Independent research and operating notes on AI Software Delivery Control.
Field Note / Security Leadership
The Question Security Will Be Asked About AI-Assisted Engineering
The board question will not be "did employees use AI?" for long. The harder question is already forming: which workflow acted, with what authority, who approved it, and what proof exists?
Last updated: May 9, 2026
The question behind the policy
Most AI usage policies start with allowed tools, data-handling rules, and employee guidance. Those are useful, but they are not enough once AI-assisted engineering enters software delivery.
When a workflow can open a PR, change a workflow file, inherit a credential, call an engineering tool, or trigger CI/CD, security will eventually be asked to explain the action path.

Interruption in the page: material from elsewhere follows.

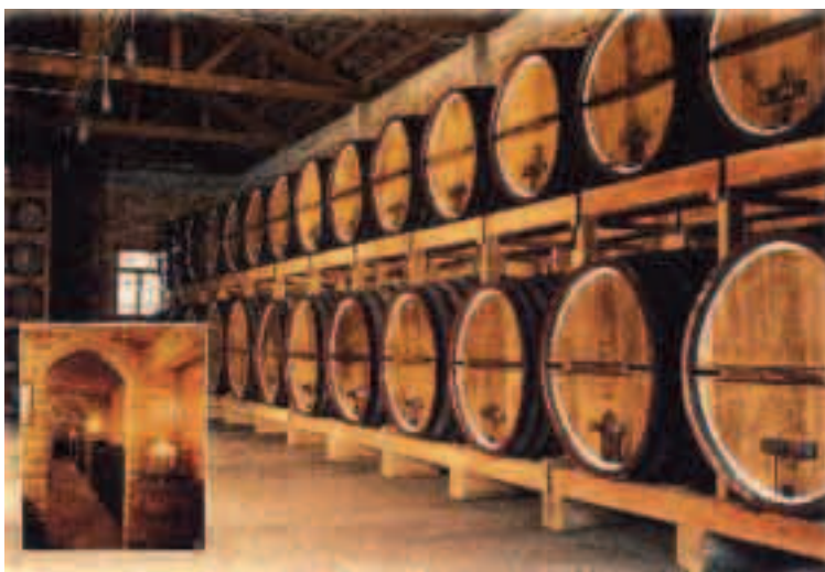
Wine aging in wooden casks in Vale dos Vinhedos

Which workflow acted, with what authority, who approved it, and what proof remains?
Why this is a leadership question
This is not only an AppSec implementation detail. It affects risk ownership, auditability, customer trust, and executive reporting. Leadership needs a defensible answer that does not depend on memory, screenshots, or a heroic reconstruction after something goes wrong.
The answer should be available for normal review, not only incident response. If a privileged AI-assisted action happened last week, the team should be able to reconstruct the actor, owner, credential, action, target, approval, validation, and outcome.

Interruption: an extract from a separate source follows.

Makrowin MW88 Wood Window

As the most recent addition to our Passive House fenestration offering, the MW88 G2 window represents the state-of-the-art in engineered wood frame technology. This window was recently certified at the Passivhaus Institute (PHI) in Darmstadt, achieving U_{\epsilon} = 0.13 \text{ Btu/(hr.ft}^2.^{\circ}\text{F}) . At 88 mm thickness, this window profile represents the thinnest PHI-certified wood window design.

What security should ask before rollout
- Where are AI-assisted engineering workflows being used?
- Which workflows can write code, change CI/CD, call tools, or reach release paths?
- Which identities, credentials, tokens, or service accounts do they inherit?

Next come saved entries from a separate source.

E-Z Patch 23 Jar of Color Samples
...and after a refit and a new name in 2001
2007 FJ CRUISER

- Which actions are allowed automatically?
- Which actions require approval before execution?
- Which actions should be blocked regardless of prompt or user intent?
- What evidence remains after the action?
What a good answer looks like
A good answer is specific. It names the workflow, owner, repo, tool, credential, target system, approval rule, and proof trail. It does not stop at "we approved the AI tool" or "the PR was reviewed."
Workflow: AI-assisted release-note PR
Owner: Developer productivity
Authority: branch write, issue tracker read, CI test run
Approval-required: workflow-file change, package publish, release job
Proof: PR, workflow run, credential identity, reviewer, policy verdict, outcome
This level of specificity changes the internal conversation. Security can approve useful workflows without pretending that every AI-assisted action has the same risk.